Moreover nowadays the techniques used are Capillary Zone Electrophoresis (CZE),

Capillary Gel Electrophoresis (CGE) and Capillary Isoelectric Focusing (CIEF).

Recently, several studies dealing with herbal medicines have been reported and

two kinds of medicinal compounds, i.e. alkaloids and flavonoids have been studied

extensively. In general, CE is a versatile and powerful separation tool with a high

separation efficiency and selectivity when analyzing mixtures of low-molecular-

mass components. It has been used to ascertain the botanical identity and quality of



Ephedra herbae (Liu et al., 1993), Coptidis rhizome (Liu et al., 1994), Ginseng radix

(Chuang et al., 1995).

Capillary electrochromatography is considered to be combination of both

HPLC and CE which takes the benefits of both i.e low sample/solvent

consumption and being highly efficient. It has been used to analyse different

coumarins like xanthotoxol, osthenol, oxypeucedanin hydrate and byankangelicin

in Angelica dahurica commonly called ‘Bai Zi’ in chinese (Chen et al., 2006).

Spectroscopic Method

Because of their uniqueness and beneficial advantages they are preferred over

chromatography methods. They combine speed and non-destructive character with

the need for no or only little sample preparation. This is one of the important

reasons that NIR and NMR spectroscopy is popular for purity and identity

evaluation in industry (Singh et al., 2010; Krishnan et al., 2005). Wu and colleagues

(2008) described the use of MIR and NIR spectroscopy for the quantitative

determination of α-pinene, methyl salicylate and eugenol in ‘Honghua oil’. This

preparation is composed of several essential oils like (wintergreen, turpentine,

clove and Cassia leaf) and is utilized in the treatment of rheumatism and joint

problems. It has been used for the analysis of Ephedra species (Kim et al., 2005),

Herba Epimedii (Pie et al., 2008) and Ginseng (Shin et al., 2007). For the compounds

of interest, characteristic absorption bands in the IR spectra was assigned, and

based on the quantitative GC results, the areas of these bands were correlated with

the respective quantities.

Limitations of chemical fingerprinting

Because of variable sources and chemical complexity the use of chromatographic

techniques and marker compounds has limitations in the standardization of

botanical preparations. Intrinsic factors such as genetics and extrinsic factors, such

as cultivation, harvesting, drying and storage conditions are few examples that can

affect the chemical profile of any herb. Chemotaxonomic study of herbs provides

only a quantitative account of secondary metabolites. As compared to the

conventional methods this approach has several advantages. The conventional



methods usually determine the individual compounds present in the herbal drugs.

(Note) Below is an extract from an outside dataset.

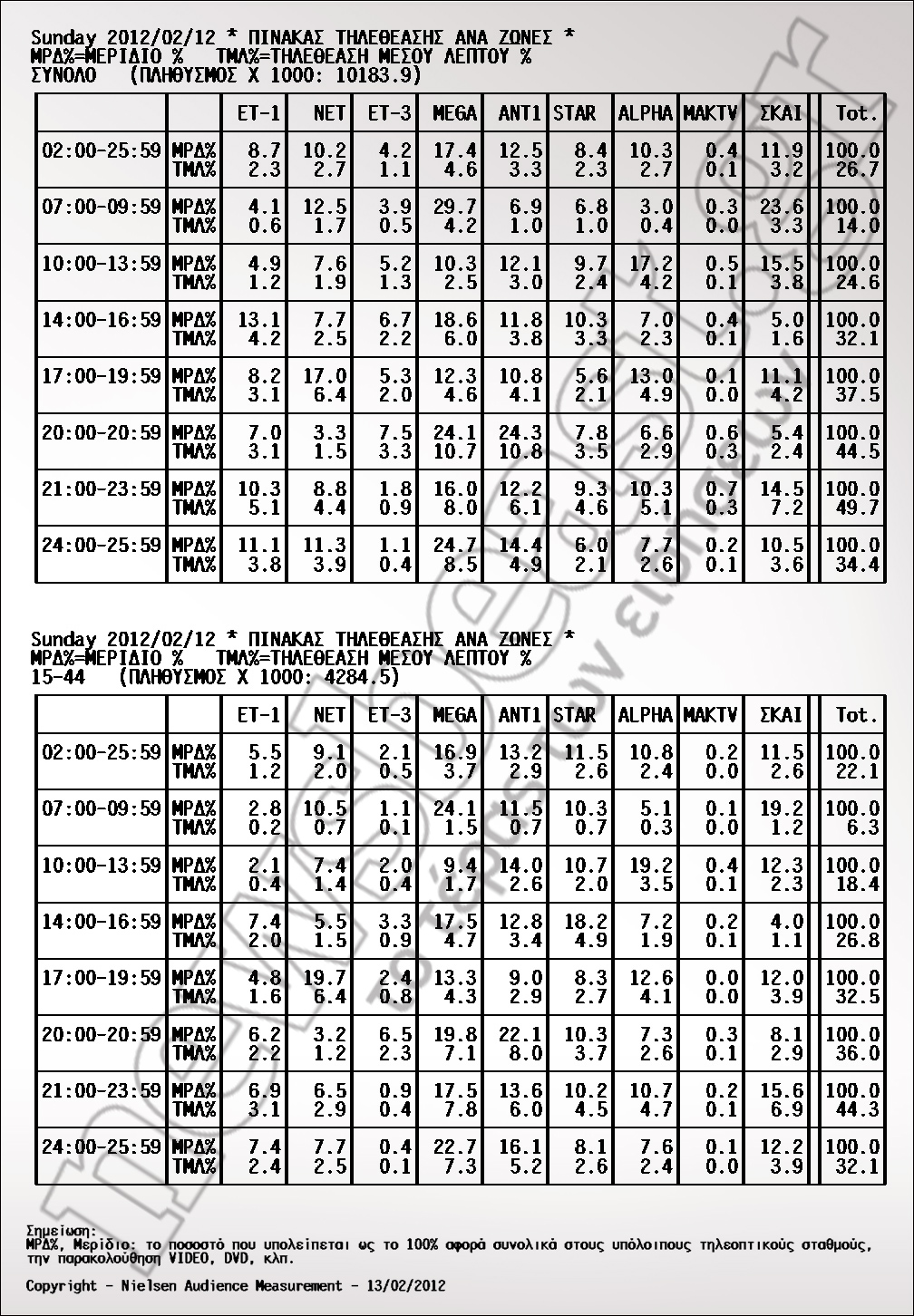 Δείτε πώς διαμορφώθηκε το τηλεοπτικό τοπίο των αγαπημένων σας προγραμμάτων την Κυριακή 12 Φεβρουαρίου:

We cannot determine whether they are active or specific or not. For quantitative

studies, use of specific markers to distinguish between varieties, has been useful.

These metabolites, used as markers, may or may not be therapeutically active, but

should ideally be neutral to environmental effects and management practices (Joshi

et al., 1999). Problem may also arise due to different chemotypes, e.g., Withania

somnifera is reported to have three chemotypes depending upon the steroidal

lactones. Withaferin A and other biologically active compounds may similarly vary

depending upon the environment, genotype and time of collection of plant

material. Thus, selection of right chemotype is very necessary to ensure the efficacy.

Moreover the problem is further added while selecting correct plant material to

establish the identity of certain species that is known by different binomial

botanical names in different regions e.g. Shankhpuspi is equated with any one of

the following plants in India ‘Canscora decussata, Evolvulus alsinoides and Clitorea

ternatea.

2.2.4 Molecular methods for the identification of plants

Genetic markers have proved their utility in fields like taxonomy, physiology,

embryology, genetics etc. As the science of plant genetics progressed, researchers

have tried to explore these molecular markers techniques for their applications in

commercially important plants such as food crops, horticultural plants, etc. and

recently in pharamacognostic characterization of herbal plants (Shaw et al., 2002;

Lum et al., 2006; Yip et al., 2007). Molecular markers are generally referred to as

biochemical constituents, including primary and secondary metabolites in plants

and macromolecules, viz., proteins and deoxyribonucleic acid (DNA). Secondary

metabolites as markers have been extensively used in quality control and

standardization of herbal drugs, but these also suffer with few limitations (Joshi et

al., 2004). The main focus is now on the development of markers based on genetic

composition and, hence, is unique, stable, and ubiquitous to the plants. The other

one, genetic markers have assisted in genomic characterization of various crop

species (Rafalski and Tingey, 1993). Although other genetic marker systems are in



use, most relevant marker is based on DNA sequence polymorphisms. Each system

has unique advantages and disadvantages based on cost, experimental objectives,

and type of information desired. Regardless of its inherent methodology, the

effective deployment of any marker system for genetic analysis requires that it

should be reliable and consistent. Various DNA-based markers, viz., RAPD, RFLP,

SSR, AFLP and SSR, are employed for plant species discrimination coupled with

methods of plant identification involving taxonomy, physiology and embryology

(Zhang et al., 2007; Sucher and Carles, 2008). Genome analysis based on molecular

markers has generated a vast amount of information and a number of data bases

are being generated to preserve and popularize it.

Randomly Amplified Polymorphic DNA (RAPD)

Randomly amplified polymorphic DNA is based on PCR amplification of genomic

DNA by random primer. In this reaction, a single species of primer (8-10 bp)

anneals to the genomic DNA at different sites on complementary strands of DNA

template. If these priming sites are within amplifiable range of each other, a

discrete DNA product is formed through thermo cyclic amplification. On an

average each primer directs amplification of several discrete loci in the genome

making the assay useful for efficient screening of nucleotide sequence

polymorphism between individuals (William at al., 1990; Welsh et al., 1990). This

approach requires no prior genetic information.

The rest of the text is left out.